The reality of bans and bandhs: Fanaa

Now that “Aamir Khan, Fanaa and Gujarat” controversy has died down, let me tell you about the rudest reminder we got from this whole episode.

Even though we live in a free country, political hooligans who use fear as the weapon, are easily capable of curbing our freedom of expression and choice. Break down the whole incident into episodes, what exactly happened? BJP, the ruling party, said they don’t want Fanaa screened in Gujarat. Everyone interpreted that as “Gujarat government banned Fanaa”. But the state government had never ‘officially’ banned the movie. Producers of Fanaa however knew a ban existed on the ground, and knocked at the Supreme Court to seek protection for theaters that wanted to screen the movie. SC said sorry, there is no ban, theater owners are free to exercise their choice, so why should you request any protection!
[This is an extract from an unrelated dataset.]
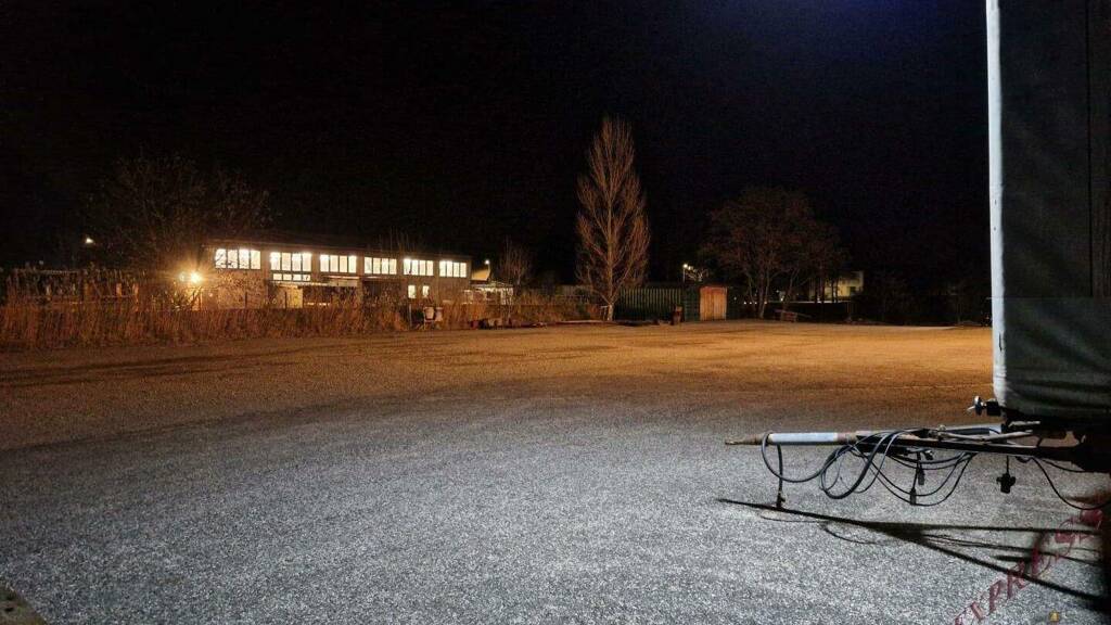 Die Freifläche ist komplett eben teils asphaltiert und der Rest für LKW Transporte befestigt. Es ist ein eingezäuntes beleuchtetes Gelände mit Videoüberwachung, Sattelschlepperzufahrt. Strom- Wasser- Druckluft optional. Gelände rundum eingezäunt mit elektrischem Tor und Zifferncode.

Would the Gujarat theaters screen Fanaa? No! Who wants his business damaged and vandalized for no reason! [Note: some ‘brave’ theaters did screen the movie.]

So, here was Fanaa, caught in the middle of nowhere, thanks to this “virtual ban”! The problem is this. A ban or bandh call by a political party is seen as a mere “call” by the judiciary. The assumption is that people can ignore these calls and exercise their freedom of expression and choice.

However, in reality, there is no such freedom, unless you want to be a real brave guy. If you ever lived in semi-urban India, you would know that really well.

When a political group declares a bandh, it uses real muscles to enforce it. They use paid vandals, and the “mob can always get away” reality to enforce their diktat. I remember seeing it all while growing up. Jeeps full of hooligans would drive around the town to force down shutters of all the businesses. A journalist would usually follow with a camera. Once the drama was done, many shops would return to business as usual. And next day, we would have reports in the news papers – “XYZ party’s bandh peaceful and successful” – followed by pictures of shops that were forced shut!

Things used to be this blatant perhaps only in Bihar, but the “sponsored” bandh culture exists in every other state now. And I hardly ever read about people getting punished for using violent means to enforce these. Mobs can take the law in their hands and just get away. So go “buy” a mob, and you too can organize a successful and peaceful “bandh”!

Summing it up, the lesson from Fanaa controversy is: if a political group with muscles protests against you, just give up!